**Listed entries**
= Beginning of Section =
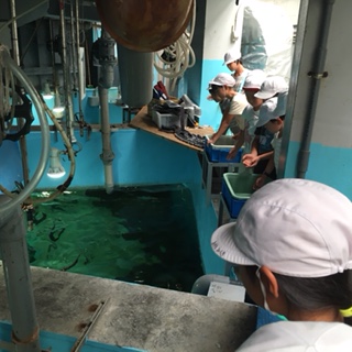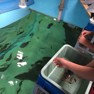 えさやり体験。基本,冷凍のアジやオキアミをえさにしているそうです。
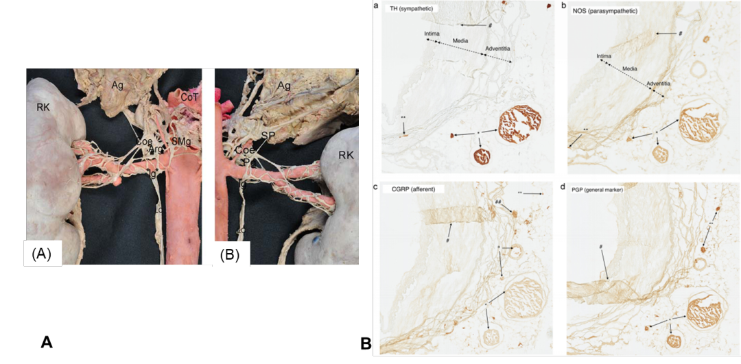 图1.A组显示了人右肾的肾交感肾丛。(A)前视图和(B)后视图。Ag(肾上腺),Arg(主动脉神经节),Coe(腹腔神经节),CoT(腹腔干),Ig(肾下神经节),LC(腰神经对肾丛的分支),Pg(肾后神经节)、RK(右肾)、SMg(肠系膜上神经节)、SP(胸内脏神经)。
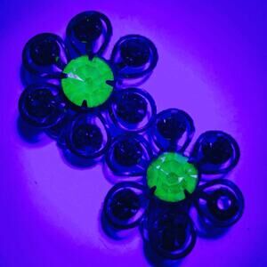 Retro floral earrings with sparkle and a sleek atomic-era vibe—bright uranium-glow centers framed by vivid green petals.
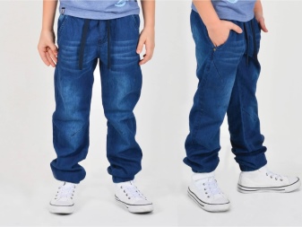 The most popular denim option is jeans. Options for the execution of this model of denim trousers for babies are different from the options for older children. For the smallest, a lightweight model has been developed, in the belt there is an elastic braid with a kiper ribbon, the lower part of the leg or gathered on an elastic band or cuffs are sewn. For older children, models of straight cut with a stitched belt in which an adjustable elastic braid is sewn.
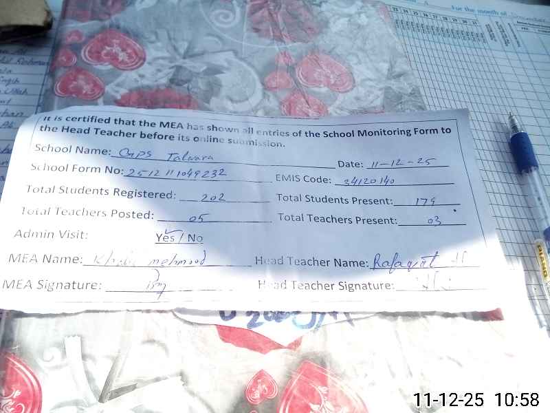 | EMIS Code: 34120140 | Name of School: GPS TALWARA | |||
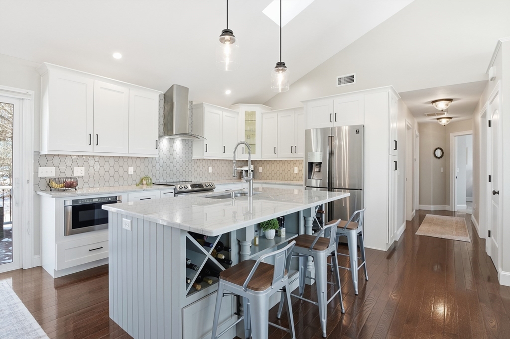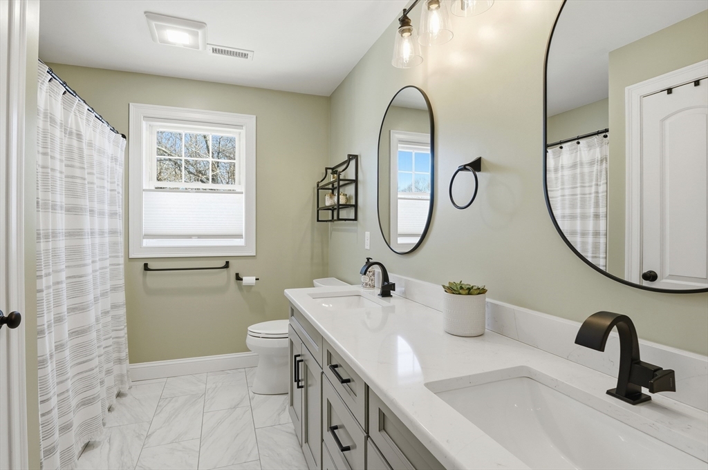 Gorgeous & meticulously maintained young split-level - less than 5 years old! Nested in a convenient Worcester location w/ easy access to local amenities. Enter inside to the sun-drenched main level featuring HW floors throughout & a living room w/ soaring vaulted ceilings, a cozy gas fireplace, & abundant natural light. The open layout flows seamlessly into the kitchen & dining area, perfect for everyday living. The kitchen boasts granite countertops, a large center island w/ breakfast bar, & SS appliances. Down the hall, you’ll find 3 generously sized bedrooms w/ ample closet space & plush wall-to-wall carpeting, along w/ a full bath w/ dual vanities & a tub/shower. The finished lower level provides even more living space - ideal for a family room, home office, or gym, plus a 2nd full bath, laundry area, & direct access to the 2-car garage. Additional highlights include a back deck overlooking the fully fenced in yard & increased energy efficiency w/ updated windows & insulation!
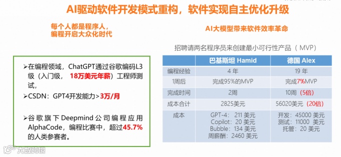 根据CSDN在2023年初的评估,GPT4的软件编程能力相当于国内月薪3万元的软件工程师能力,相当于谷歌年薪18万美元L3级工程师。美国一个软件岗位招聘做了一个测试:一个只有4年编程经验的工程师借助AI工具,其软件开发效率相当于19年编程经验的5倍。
= End of Section =
= Beginning of Section =
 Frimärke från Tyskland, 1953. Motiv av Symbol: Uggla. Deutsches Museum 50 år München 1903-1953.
= End of Section =
**What to do**
Exercise for the records above: copy only the lines from the one with "えさやり体験。基本,冷凍のアジやオキアミをえさにしているそうです。" to the one with "TALWARA | |||", both ends kept, and drop the pictures.

**Solution for this task**
 えさやり体験。基本,冷凍のアジやオキアミをえさにしているそうです。
 图1.A组显示了人右肾的肾交感肾丛。(A)前视图和(B)后视图。Ag(肾上腺),Arg(主动脉神经节),Coe(腹腔神经节),CoT(腹腔干),Ig(肾下神经节),LC(腰神经对肾丛的分支),Pg(肾后神经节)、RK(右肾)、SMg(肠系膜上神经节)、SP(胸内脏神经)。
 Retro floral earrings with sparkle and a sleek atomic-era vibe—bright uranium-glow centers framed by vivid green petals.
 The most popular denim option is jeans. Options for the execution of this model of denim trousers for babies are different from the options for older children. For the smallest, a lightweight model has been developed, in the belt there is an elastic braid with a kiper ribbon, the lower part of the leg or gathered on an elastic band or cuffs are sewn. For older children, models of straight cut with a stitched belt in which an adjustable elastic braid is sewn.
 | EMIS Code: 34120140 | Name of School: GPS TALWARA | |||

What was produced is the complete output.